Content starts

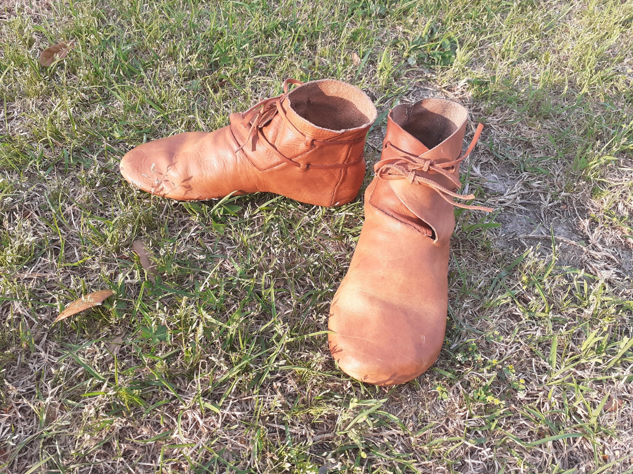 Habitants of rural France in 1650 had to use whatever was at hand, make what they needed, or barter their skills for goods. So, where did they get their shoes? As I researched their clothing for my novel, I found one type of shoe was called a turnshoe–leather sewn and then turned inside out. The turnshoe style was easier to make than those made for the nobles, and peasants could use easy-to-get sheepskin for the leather.. Getulio, a maker of historic shoes for re-enactors, renaissance fans, and movie sets, explains it all:
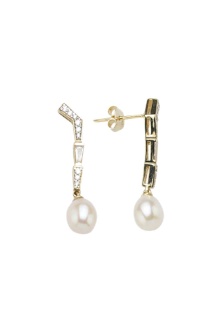 Baget Zirkon Taşlı Doğal İnci Küpe | | Birinci1926
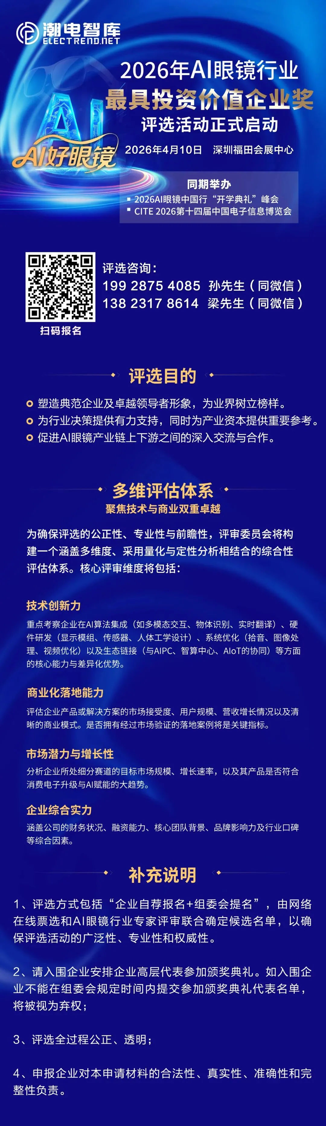 为精准识别并表彰在这一高增长赛道中具备卓越潜力与引领价值的企业,推动产业健康有序发展,2026年AI眼镜行业“最具投资价值企业奖”评选活动正式启动。

Content ends

● **TASK DIRECTIONS**
Retype all of the data above word for word, excluding the pictures.

● **ANSWER SECTION**
 Habitants of rural France in 1650 had to use whatever was at hand, make what they needed, or barter their skills for goods. So, where did they get their shoes? As I researched their clothing for my novel, I found one type of shoe was called a turnshoe–leather sewn and then turned inside out. The turnshoe style was easier to make than those made for the nobles, and peasants could use easy-to-get sheepskin for the leather.. Getulio, a maker of historic shoes for re-enactors, renaissance fans, and movie sets, explains it all:
 Baget Zirkon Taşlı Doğal İnci Küpe | | Birinci1926
 为精准识别并表彰在这一高增长赛道中具备卓越潜力与引领价值的企业,推动产业健康有序发展,2026年AI眼镜行业“最具投资价值企业奖”评选活动正式启动。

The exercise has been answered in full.